# YOUR ASSIGNMENT
A verbatim reproduction of the following listing is required; omit the pictures.

# SUPPLIED DATA
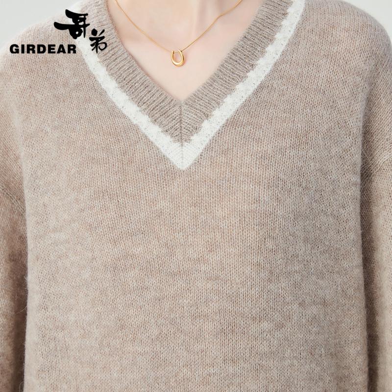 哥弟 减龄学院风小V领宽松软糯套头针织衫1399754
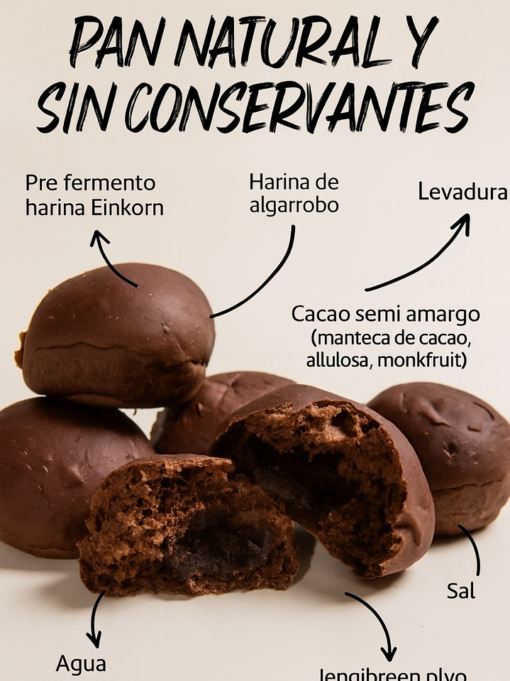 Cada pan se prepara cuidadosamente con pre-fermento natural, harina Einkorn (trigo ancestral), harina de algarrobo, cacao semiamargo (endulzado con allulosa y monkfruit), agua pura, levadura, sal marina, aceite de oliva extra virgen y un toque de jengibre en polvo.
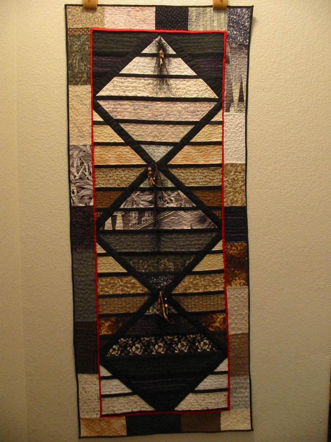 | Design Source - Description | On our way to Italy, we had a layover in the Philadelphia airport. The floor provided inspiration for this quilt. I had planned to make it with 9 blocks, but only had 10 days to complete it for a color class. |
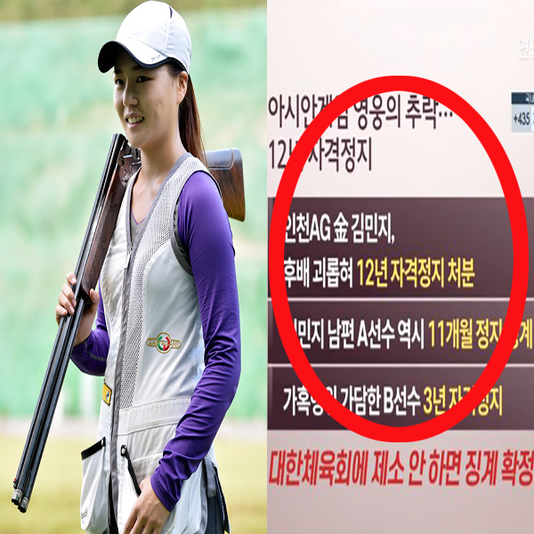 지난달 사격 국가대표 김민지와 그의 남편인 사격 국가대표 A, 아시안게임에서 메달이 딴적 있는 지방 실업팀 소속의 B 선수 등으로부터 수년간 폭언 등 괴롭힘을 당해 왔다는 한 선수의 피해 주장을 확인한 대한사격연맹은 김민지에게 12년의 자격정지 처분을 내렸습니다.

# REPLY TO THE TASK
 哥弟 减龄学院风小V领宽松软糯套头针织衫1399754
 Cada pan se prepara cuidadosamente con pre-fermento natural, harina Einkorn (trigo ancestral), harina de algarrobo, cacao semiamargo (endulzado con allulosa y monkfruit), agua pura, levadura, sal marina, aceite de oliva extra virgen y un toque de jengibre en polvo.
 | Design Source - Description | On our way to Italy, we had a layover in the Philadelphia airport. The floor provided inspiration for this quilt. I had planned to make it with 9 blocks, but only had 10 days to complete it for a color class. |
 지난달 사격 국가대표 김민지와 그의 남편인 사격 국가대표 A, 아시안게임에서 메달이 딴적 있는 지방 실업팀 소속의 B 선수 등으로부터 수년간 폭언 등 괴롭힘을 당해 왔다는 한 선수의 피해 주장을 확인한 대한사격연맹은 김민지에게 12년의 자격정지 처분을 내렸습니다.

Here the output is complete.